KAGWIMI KANG’ETHE & CO. ADV v O-LERAI NURSERIES LTD [2009] KEHC 2224 (KLR)
Full Case Text
1 REPUBLIC OF KENYA
IN THE HIGH COURT OF KENYA
AT NAIROBI (MILIMANI COMMERCIAL COURTS)
Miscellaneous Civil Case 393 of 2008
KAGWIMI KANG’ETHE & CO. ADV………......…APPLICANT
VERSUS
O-LERAI NURSERIES LTD………...……..….RESPONDENT
RULING
On 29th January 2009, the taxing officer of the court taxed the advocate – client bill of costs at Kshs.2,460,925/= plus 16% VAT of Kshs.393,748. 03. The taxing officer added additional disbursements of Kshs.9,950/= making it a grand total of Kshs.2,864,623. 03. The taxing officer gave credit to the client in the sum of Kshs.1,500,000/= that had earlier been paid to the advocate. The client was therefore required to pay the balance of the taxed costs at Kshs.1,364,623/=. The client was aggrieved by the said assessment of the costs due to the advocate. The client filed reference to this court challenging the taxation of certain items in the advocate’s bill of costs. In particular, the client was aggrieved by the taxation of items No. 1(a), 1(b), 2(a), 2(b) and 3. The client was further aggrieved that the taxing officer had failed to take into account the fact that the client had paid to the advocate a total sum of Kshs.5,535,000/= . The client was of the view that the taxing officer had erred in law and in fact in assessing the questioned items in the bill of costs. It faulted the taxing officer for awarding getting up fees to the advocate yet the case had not been fixed for hearing. The client was of the view that the taxing officer had applied the wrong principles of the law in assessing fees due to the advocate that was in the circumstances excessive. The reference is supported by the annexed affidavit of James Singh Gitau, the advocate of the client. The reference is opposed. George Kang’ethe, the sole proprietor of the firm of Kagwimi Kang’ethe & Co. Advocates swore a replying affidavit in opposition to the reference. He also filed notice of preliminary objection to the reference.
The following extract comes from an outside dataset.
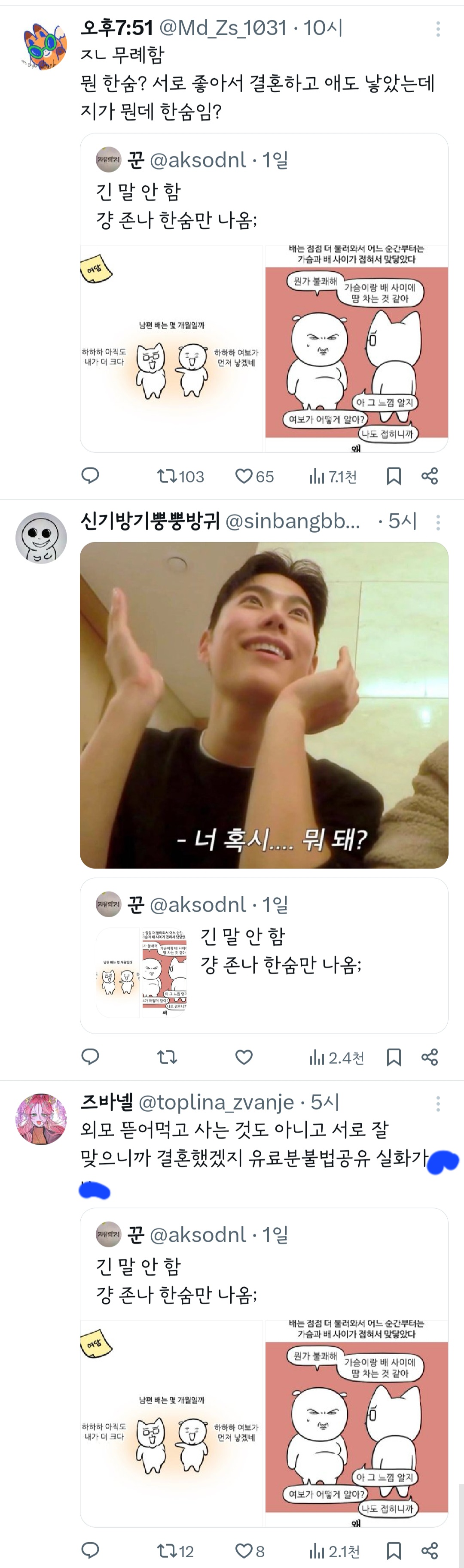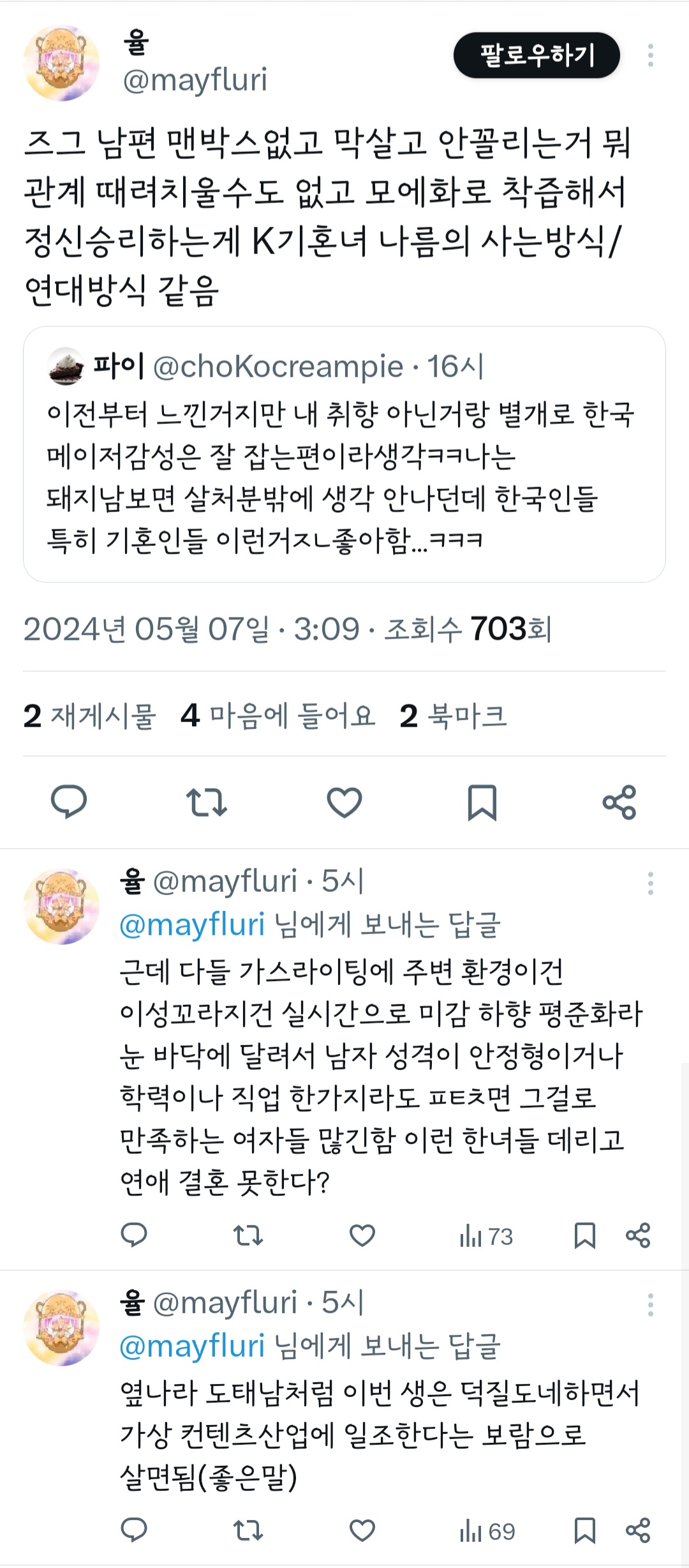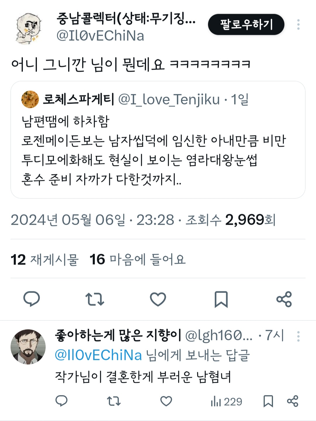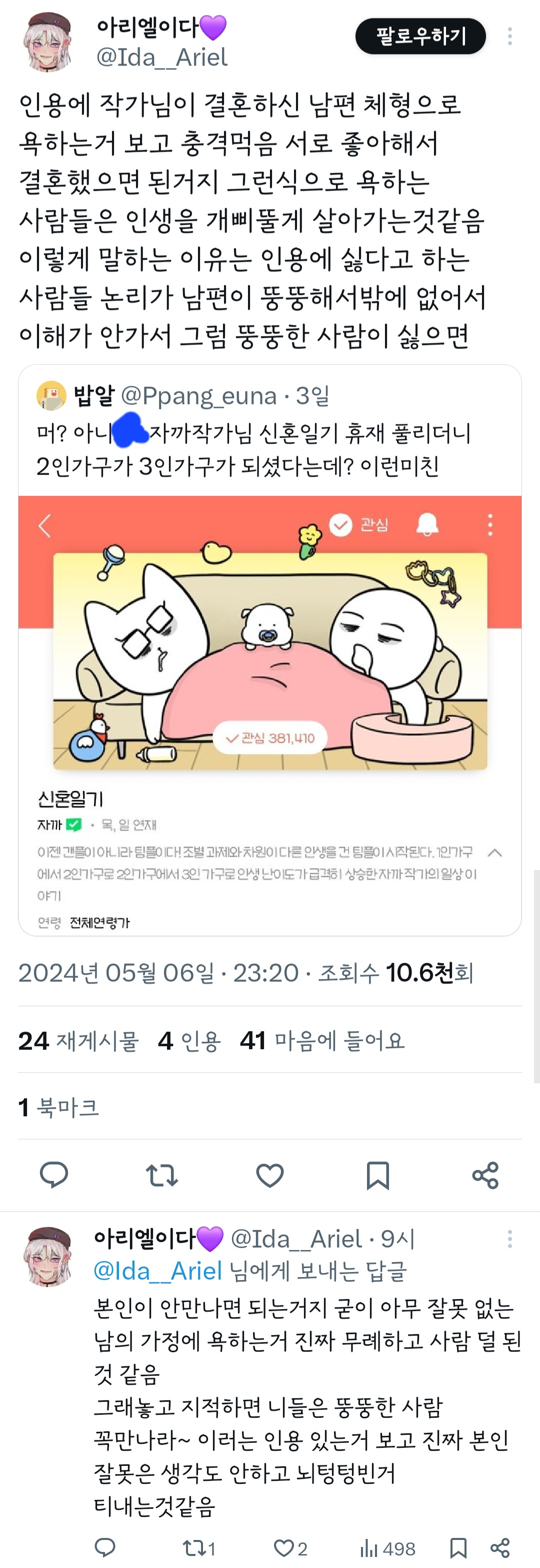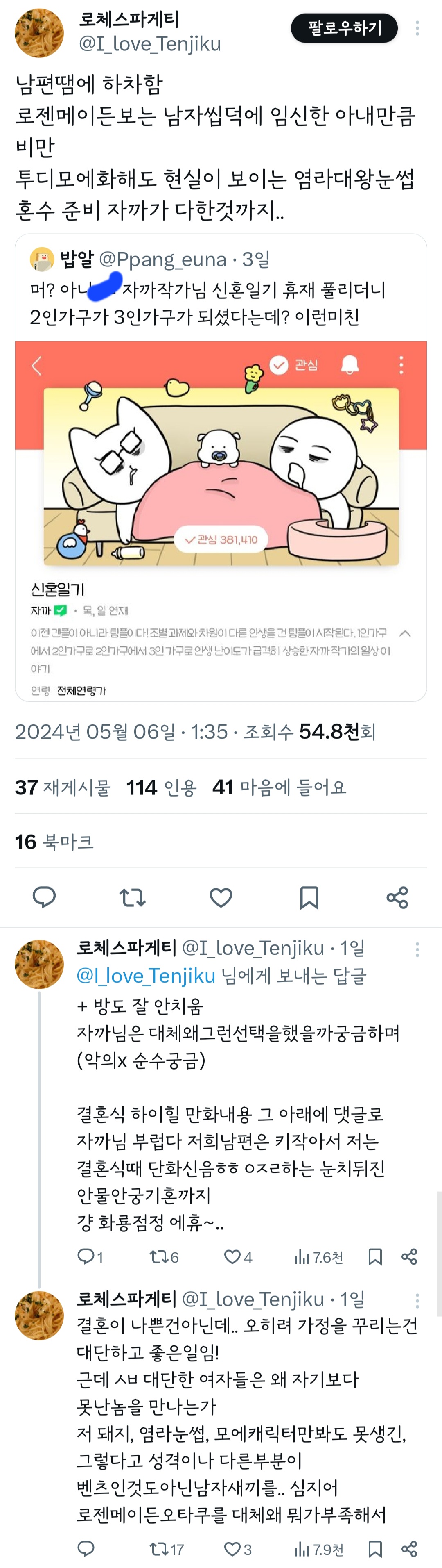 작성자띠용핑 작성시간 24.05.09 그냥 행복하신가보다~신기하다 하고 넘겼는데 저걸 굳이 욕하는 건 뭐지 결이 안맞으면 안보면 되는걸 ㅠ

At the hearing of the application, I heard submissions made by Mr. Singh for the client and Mr. Kang’ethe for the advocate. According to Mr. Singh, the taxing officer erred when he assessed items 1(a) and 1(b) of the advocate’s bill of costs on the basis that the subject matter of the suit was Kshs.68 million. He submitted that the client had filed suit seeking to be paid damages for breach of contract, and other declaratory orders including the rendering of accounts. He submitted that there was no specific sum pleaded by the client in its pleadings and therefore under the provisions of Schedule VI of the Advocates Remuneration Order, the only sum that could be awarded to the advocate was Kshs.6,000/=. He maintained that the taxing officer erred in ascribing a value to the subject matter of the suit when the same had not been specifically quantified. It was his view that the value of the subject matter of the suit would only be ascertained after the conclusion of the suit. He submitted that the plaint did not contain any complex pleadings that would entitle the taxing officer to award the unjustified sum of Kshs.600,000/= as instruction fees. He explained that the taxing officer failed to advance any good reason for the assessment of the said instruction fees which in his view was excessive and unreasonable. He urged the court to review the said assessment and give an award that is reasonable in the circumstances. He submitted that the advocate was not entitled to be paid getting up fees since the suit had not been confirmed for trial. He took issue with the fact that the taxing officer failed to take into account the legal fees that the client had already paid to the advocate. He explained that the client paid to the advocate the sum of Kshs.5,535,000/= and therefore the taxing officer fell in error when he only gave credit for the sum of Kshs.1. 5 million. He urged the court to allow the reference so as to ensure that the advocate is not improperly paid.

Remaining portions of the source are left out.